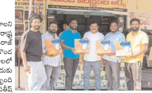
యువకులకు ఎల్ఈడి లైట్లు అందించారు. 120
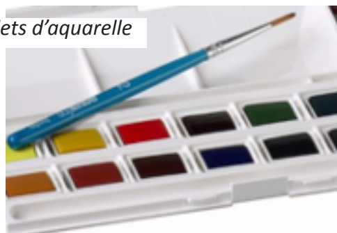
Boîte plastique de 12 1/2 godets d'aquarelle
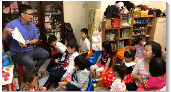
▲家長們配搭服事兒童小排

今年我們在兒童排與兒童主日聚會的實行上也很蒙恩。年初時，幾位兒童家長接受負擔，打開家服事兒童排，顧到召會下一代的需要。我們分別在週五晚上與週六上午各成立一個兒童排，起初是為著弟兄姊妹
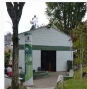
Biblioteca Público Barrial Fernando Gómez Martínez
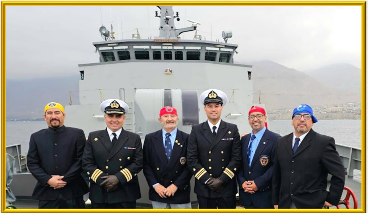
Partida de Abordaje de la Nao Tocopilla, presentando sus respetos al Comandante del Patrullero de Zona Marítima (OPV-82) "Comandante Toro", en visita de esta unidad Naval al puerto de Tocopilla, con motivo de las celebraciones de las Glorias Navales
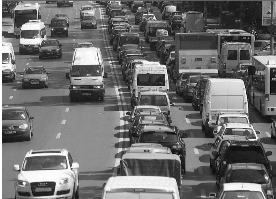
Az új illetékszint 25%-ig terjedően kisebb, mint az eddigi, de ez nem jelent minden gépkocsi esetében ilyen arányú megtakarítást.

A Romániában első ízben beíratásra kerülő gépkocsik esetében az illetékszintet ugyancsak a területileg illetékes adóhatóság állapítja meg, arra vonatkozóan szabványkérést kell benyújtania az érintett tulajdonosnak, amely modelljét a 2003/28-as rendelet melléklete tartalmazza. Ameny-
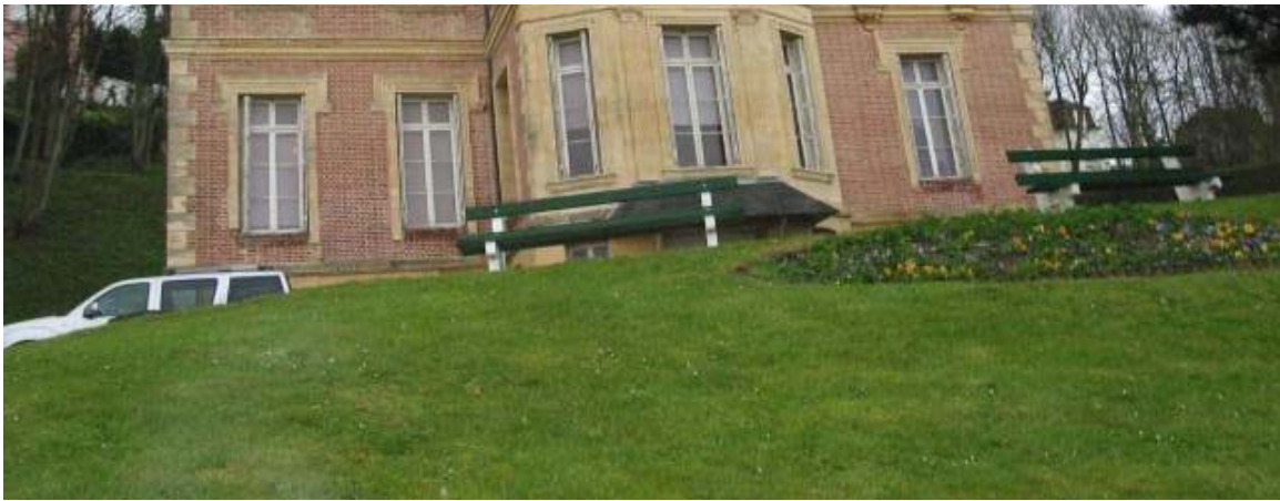
Le musée Villa Montebello, à Trouville.
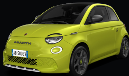
878 VERT ACIDE Gratuit
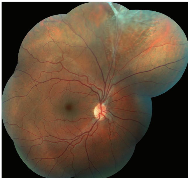
Obr. 1 Barevný fotografický snímek fundu pravého oka: sítnice je v horních kvadrantech prořídlá, při horní temporální arkádě jsou pozůstatky perzistující arteria hyaloidea s fibrotickou tkání způsobující lokální retinoschízu staršího data

viště ke zvážení dalšího postupu. Obě pacientky si dlouhodobě stěžovaly na postupně se zhoršující vidění a pocity tlaku v očích. Vyšetření očního pozadí v mydriáze odhalilo preretinální fibrózu způsobující v jednom případě lokální trakční odchlípení sítnice (TOS) a ve druhém případě lokální retinoschízu.
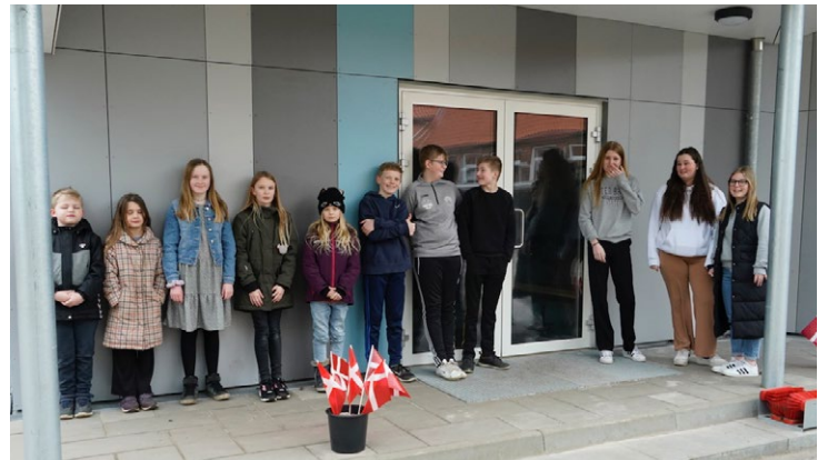
▲ Bylderup Skoles elevråd stod klar til at tage imod gæster til indvielsen.
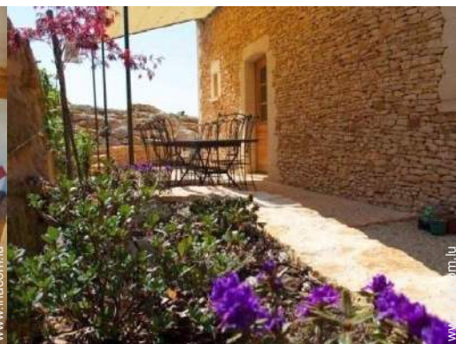
table(s) de jardin
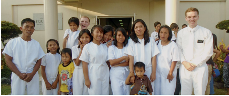
Mary Ann im baamle eo an āliktata rekar peptaj tok n̄an Kabuñ eo an Jisōs Kraist im Armej ro Rekwojarjar ilo Raan-ko Āliktata

juon em̄ oran. Juon ikkur “tao po” im juon kōllāllā tokālik, juon kōrā ekar karuwaineneik er bwe ren delōñ. Ium̄win wōt jejo minit ko n̄an katakin, rekar katakin juon katak kōn Anij im baamle im Jeplaaktok eo. Liin ekar loḷok m̄weo raan eo ak liin ekar leḷok attōreej eo an im errā bwe remaroñ in loḷok baamle eo an Wōnje eo.
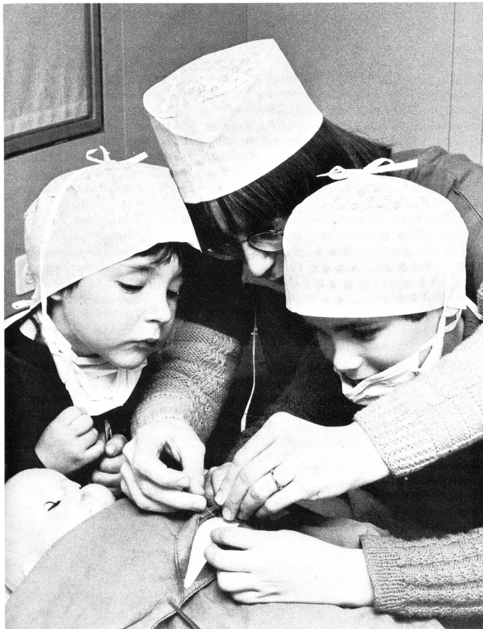
zuschauen und sogar «helfen», als sie zeigte, wie nach der Operation genäht oder wie ein

ihrem Kind vor, während und nach einem Spitalaufenthalt am besten helfen können, das Spitalerlebnis zu verarbeiten.
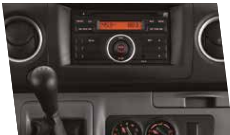
Sistema de audio AM/FM/CD/MP3
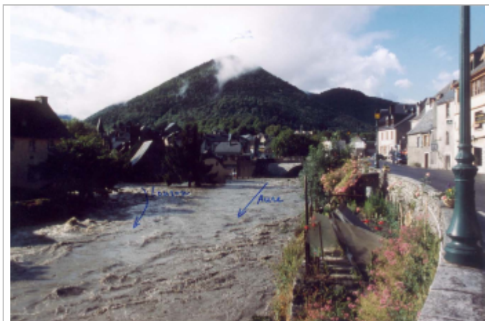
Photo du recensement d'origine.

Système altimétrique : NGF IGN 1969 (système normal)
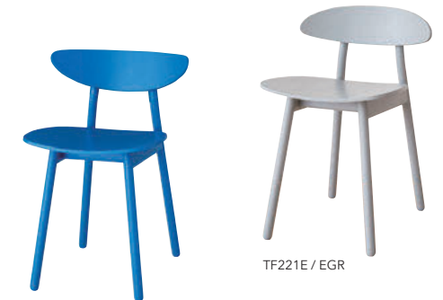
TF201E / EBL
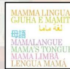
Sezione libri arabi di mamma lingua
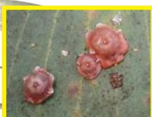
Cochenille rose ( Ceroplastes rubens )
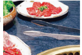
●テーブルに置いた時にトングの先がテーブルに触れず、衛生的です。
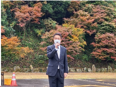
開会式挨拶（事務所長）

好天に恵まれた中、県内外から115名が参加されました。案内人の同行のもと、地域の自然・文化・伝統とふれあいながら、紅葉に彩られたダムの湖畔約7.5kmのコースを歩きました。
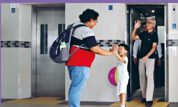
LIFT REPLACEMENT/ENHANCEMENT PROGRAMME 1,012 lifts to be replaced and enhanced.
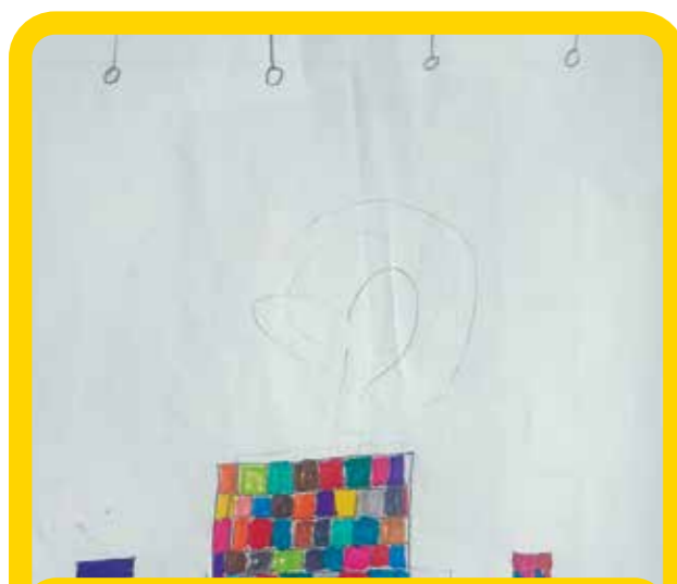
και πολύχρωμα βιβλία
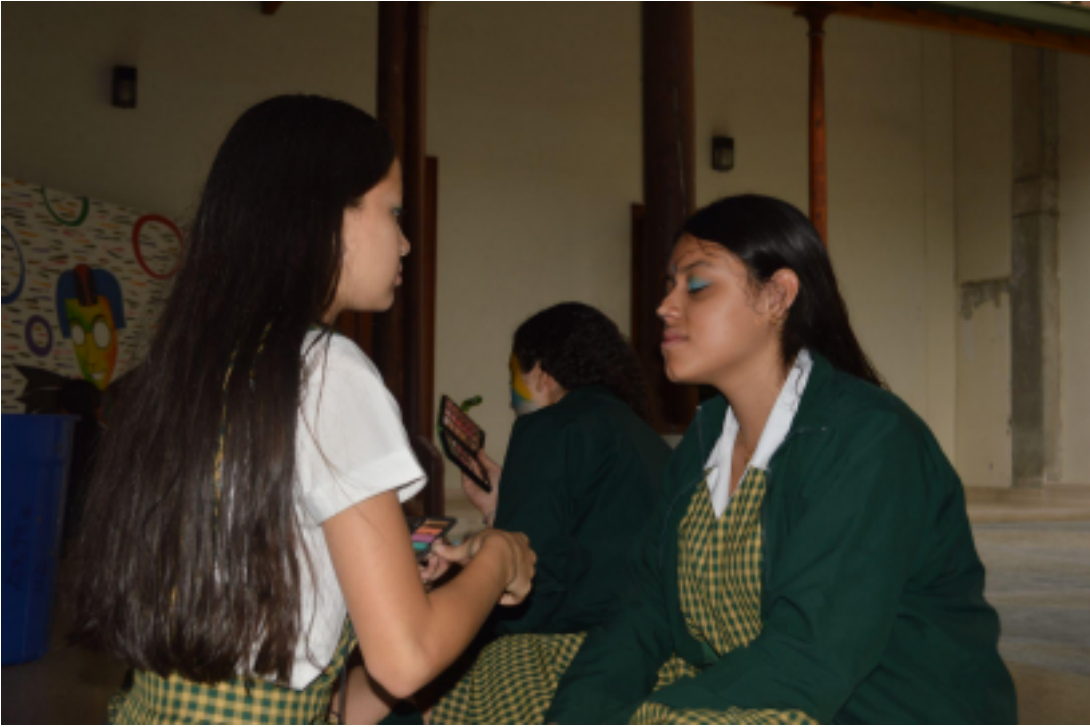
7 Taller #6 Teatreando, foto 1 y 2, grado 11° (2019). Fotos propias
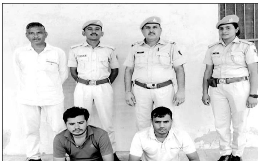
बिशनगढ़ थाना पुलिस ने अवैध मादक पदार्थ तस्करो के विरुद्ध कार्यवाही कर दो आरोपी गिरफ्तार किए।

जालोर, (कासं)। जालोर जिले के बिशनगढ़ पुलिस ने शुकवार को अवैध मादक पदार्थ तस्करो के विरुद्ध कार्यवाही कर एक किलो 60 ग्राम अवैध मादक पदार्थ अफीम का दूध बरामद कर दो आरोपियों को गिरफ्तार किया। मादक पदार्थ तस्करी में प्रयुक्त वाहन मोटरसाइकिल को जब्त किया।

### WORK TO BE COMPLETED
Copy each line in the entries above where the word "nach" shows up.

### OUTPUT OF THE TASK
zuschauen und sogar «helfen», als sie zeigte, wie nach der Operation genäht oder wie ein
ihrem Kind vor, während und nach einem Spitalaufenthalt am besten helfen können, das Spitalerlebnis zu verarbeiten.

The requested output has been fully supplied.